» How to complete this task: Please write out, exactly as given, every line of the entries below up to and including the line with "Regina Kids blue".

» Records from a data collection:
____

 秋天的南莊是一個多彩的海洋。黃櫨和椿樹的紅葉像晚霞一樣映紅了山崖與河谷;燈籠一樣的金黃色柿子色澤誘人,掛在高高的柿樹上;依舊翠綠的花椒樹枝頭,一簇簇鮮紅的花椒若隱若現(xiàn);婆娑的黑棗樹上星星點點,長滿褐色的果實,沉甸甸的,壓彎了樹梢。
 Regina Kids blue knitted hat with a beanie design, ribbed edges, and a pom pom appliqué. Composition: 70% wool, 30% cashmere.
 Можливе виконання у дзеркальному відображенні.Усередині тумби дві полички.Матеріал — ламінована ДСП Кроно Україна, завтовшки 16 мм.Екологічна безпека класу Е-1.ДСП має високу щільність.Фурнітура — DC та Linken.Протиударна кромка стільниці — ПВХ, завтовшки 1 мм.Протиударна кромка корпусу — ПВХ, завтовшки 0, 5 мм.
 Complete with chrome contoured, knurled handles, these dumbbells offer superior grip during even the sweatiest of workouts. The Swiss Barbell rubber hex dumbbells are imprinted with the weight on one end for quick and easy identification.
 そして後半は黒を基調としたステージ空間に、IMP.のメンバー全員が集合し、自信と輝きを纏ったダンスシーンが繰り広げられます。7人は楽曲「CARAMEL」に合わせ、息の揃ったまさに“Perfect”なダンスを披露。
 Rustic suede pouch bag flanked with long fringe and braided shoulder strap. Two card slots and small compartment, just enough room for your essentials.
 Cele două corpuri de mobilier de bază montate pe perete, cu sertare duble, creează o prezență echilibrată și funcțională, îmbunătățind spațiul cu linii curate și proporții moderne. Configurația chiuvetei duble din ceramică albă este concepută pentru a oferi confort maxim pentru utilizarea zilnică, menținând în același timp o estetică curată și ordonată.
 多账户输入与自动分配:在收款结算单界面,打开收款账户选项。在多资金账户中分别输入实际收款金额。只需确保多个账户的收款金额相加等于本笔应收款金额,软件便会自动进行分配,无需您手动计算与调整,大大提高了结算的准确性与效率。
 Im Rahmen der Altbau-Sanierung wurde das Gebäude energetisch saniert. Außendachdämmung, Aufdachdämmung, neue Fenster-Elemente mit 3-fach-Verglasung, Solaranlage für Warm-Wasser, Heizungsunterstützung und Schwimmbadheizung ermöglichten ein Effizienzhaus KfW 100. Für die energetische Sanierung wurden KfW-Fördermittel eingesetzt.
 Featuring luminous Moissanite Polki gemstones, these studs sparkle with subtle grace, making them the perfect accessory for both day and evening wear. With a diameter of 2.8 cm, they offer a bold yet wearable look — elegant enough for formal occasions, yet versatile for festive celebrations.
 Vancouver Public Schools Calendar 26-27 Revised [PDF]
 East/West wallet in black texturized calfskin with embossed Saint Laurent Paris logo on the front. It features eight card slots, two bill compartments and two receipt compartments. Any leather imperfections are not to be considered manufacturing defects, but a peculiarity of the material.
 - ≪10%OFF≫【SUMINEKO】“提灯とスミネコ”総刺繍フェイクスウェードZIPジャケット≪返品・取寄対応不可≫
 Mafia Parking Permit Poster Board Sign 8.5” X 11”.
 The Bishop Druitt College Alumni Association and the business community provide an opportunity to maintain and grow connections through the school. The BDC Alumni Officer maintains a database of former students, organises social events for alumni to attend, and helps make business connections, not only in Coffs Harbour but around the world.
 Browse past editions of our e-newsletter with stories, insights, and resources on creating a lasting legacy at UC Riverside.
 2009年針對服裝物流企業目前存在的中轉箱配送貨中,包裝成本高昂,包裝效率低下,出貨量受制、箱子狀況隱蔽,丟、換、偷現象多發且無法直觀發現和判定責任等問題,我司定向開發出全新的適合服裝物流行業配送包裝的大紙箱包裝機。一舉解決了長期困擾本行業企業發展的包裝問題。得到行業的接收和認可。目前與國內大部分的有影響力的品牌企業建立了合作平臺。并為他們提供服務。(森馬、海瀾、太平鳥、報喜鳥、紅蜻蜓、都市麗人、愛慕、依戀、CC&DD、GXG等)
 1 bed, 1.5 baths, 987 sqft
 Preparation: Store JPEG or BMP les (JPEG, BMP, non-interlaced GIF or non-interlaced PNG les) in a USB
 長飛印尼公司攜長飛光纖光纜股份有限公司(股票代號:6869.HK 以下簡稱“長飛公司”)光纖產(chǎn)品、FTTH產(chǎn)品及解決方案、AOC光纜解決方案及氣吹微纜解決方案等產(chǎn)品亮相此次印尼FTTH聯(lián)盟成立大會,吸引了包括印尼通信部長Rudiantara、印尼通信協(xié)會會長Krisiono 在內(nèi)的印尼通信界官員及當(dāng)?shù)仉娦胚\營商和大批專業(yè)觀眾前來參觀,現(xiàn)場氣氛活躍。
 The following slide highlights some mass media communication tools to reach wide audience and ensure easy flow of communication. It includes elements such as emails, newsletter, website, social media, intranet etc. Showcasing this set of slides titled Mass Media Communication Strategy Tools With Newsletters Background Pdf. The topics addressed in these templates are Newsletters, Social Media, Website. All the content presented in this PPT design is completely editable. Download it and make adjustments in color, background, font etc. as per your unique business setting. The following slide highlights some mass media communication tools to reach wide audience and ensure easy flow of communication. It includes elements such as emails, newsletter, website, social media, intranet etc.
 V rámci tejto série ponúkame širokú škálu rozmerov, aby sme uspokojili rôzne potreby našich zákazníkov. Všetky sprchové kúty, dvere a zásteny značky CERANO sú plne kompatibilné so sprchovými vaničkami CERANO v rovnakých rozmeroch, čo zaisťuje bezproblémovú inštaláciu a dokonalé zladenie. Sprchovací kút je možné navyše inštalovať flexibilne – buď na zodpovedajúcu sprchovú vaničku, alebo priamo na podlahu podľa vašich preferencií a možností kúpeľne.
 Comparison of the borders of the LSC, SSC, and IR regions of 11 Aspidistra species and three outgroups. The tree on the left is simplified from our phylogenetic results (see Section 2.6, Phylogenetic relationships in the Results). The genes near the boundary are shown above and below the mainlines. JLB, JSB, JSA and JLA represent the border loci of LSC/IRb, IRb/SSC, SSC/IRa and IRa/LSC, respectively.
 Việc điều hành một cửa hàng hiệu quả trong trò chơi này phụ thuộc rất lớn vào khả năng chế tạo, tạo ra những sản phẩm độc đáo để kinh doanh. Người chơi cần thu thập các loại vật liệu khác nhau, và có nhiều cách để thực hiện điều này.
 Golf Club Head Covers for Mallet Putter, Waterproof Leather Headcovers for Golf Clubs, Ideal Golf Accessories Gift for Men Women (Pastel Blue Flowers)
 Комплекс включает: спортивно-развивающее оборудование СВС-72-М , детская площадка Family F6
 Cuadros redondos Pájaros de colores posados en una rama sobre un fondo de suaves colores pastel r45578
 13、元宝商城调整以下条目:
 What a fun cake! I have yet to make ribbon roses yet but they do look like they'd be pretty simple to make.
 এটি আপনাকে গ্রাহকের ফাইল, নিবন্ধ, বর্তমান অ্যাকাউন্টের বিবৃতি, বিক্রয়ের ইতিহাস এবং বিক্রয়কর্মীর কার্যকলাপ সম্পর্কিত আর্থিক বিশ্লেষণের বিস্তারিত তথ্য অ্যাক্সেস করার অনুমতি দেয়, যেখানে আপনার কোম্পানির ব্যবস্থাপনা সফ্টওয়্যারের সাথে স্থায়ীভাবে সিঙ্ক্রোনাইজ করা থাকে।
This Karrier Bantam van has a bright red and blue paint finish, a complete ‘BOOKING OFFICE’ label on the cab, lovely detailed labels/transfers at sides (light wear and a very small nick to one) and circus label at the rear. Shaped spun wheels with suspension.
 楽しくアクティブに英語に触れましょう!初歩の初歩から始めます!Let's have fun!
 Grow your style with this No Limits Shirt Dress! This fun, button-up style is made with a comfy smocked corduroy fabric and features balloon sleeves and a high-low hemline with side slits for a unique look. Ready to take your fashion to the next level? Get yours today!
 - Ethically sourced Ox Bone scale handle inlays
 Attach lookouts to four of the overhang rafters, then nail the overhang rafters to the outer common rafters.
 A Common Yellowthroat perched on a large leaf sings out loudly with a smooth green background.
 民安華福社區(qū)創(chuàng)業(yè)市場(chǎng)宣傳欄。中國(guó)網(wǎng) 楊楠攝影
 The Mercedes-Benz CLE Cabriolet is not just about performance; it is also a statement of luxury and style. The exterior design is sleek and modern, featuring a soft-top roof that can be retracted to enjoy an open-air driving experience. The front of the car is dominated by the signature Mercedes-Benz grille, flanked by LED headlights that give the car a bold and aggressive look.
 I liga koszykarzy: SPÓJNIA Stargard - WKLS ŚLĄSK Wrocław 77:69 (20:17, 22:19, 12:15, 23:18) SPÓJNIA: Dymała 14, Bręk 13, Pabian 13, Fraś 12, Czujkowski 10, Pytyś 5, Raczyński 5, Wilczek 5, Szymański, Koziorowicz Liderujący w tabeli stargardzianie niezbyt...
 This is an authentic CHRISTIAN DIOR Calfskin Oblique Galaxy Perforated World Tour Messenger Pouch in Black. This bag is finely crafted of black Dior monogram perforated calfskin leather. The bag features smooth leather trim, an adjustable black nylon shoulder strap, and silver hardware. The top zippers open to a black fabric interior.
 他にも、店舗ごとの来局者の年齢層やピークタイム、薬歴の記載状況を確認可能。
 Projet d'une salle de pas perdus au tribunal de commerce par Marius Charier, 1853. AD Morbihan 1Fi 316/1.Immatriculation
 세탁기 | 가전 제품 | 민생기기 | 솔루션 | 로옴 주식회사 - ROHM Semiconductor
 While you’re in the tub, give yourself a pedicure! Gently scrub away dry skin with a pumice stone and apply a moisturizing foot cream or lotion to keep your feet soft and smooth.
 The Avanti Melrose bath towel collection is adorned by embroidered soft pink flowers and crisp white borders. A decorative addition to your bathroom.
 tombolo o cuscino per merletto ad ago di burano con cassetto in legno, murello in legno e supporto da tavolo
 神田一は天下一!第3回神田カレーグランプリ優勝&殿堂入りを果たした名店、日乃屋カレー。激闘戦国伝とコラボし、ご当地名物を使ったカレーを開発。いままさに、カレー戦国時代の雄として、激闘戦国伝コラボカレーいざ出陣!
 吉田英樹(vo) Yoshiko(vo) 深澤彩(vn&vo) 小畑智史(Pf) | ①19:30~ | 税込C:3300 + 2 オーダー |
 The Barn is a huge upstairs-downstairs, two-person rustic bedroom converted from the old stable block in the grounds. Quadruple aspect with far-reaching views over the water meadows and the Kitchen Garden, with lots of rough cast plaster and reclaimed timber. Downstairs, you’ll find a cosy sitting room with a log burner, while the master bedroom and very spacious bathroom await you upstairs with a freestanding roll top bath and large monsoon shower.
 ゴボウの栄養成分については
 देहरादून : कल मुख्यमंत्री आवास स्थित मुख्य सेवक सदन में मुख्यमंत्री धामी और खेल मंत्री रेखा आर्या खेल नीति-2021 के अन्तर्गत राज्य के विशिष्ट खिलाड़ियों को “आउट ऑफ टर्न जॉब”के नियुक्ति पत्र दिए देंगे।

____

» Answer for the task:
 秋天的南莊是一個多彩的海洋。黃櫨和椿樹的紅葉像晚霞一樣映紅了山崖與河谷;燈籠一樣的金黃色柿子色澤誘人,掛在高高的柿樹上;依舊翠綠的花椒樹枝頭,一簇簇鮮紅的花椒若隱若現(xiàn);婆娑的黑棗樹上星星點點,長滿褐色的果實,沉甸甸的,壓彎了樹梢。
 Regina Kids blue knitted hat with a beanie design, ribbed edges, and a pom pom appliqué. Composition: 70% wool, 30% cashmere.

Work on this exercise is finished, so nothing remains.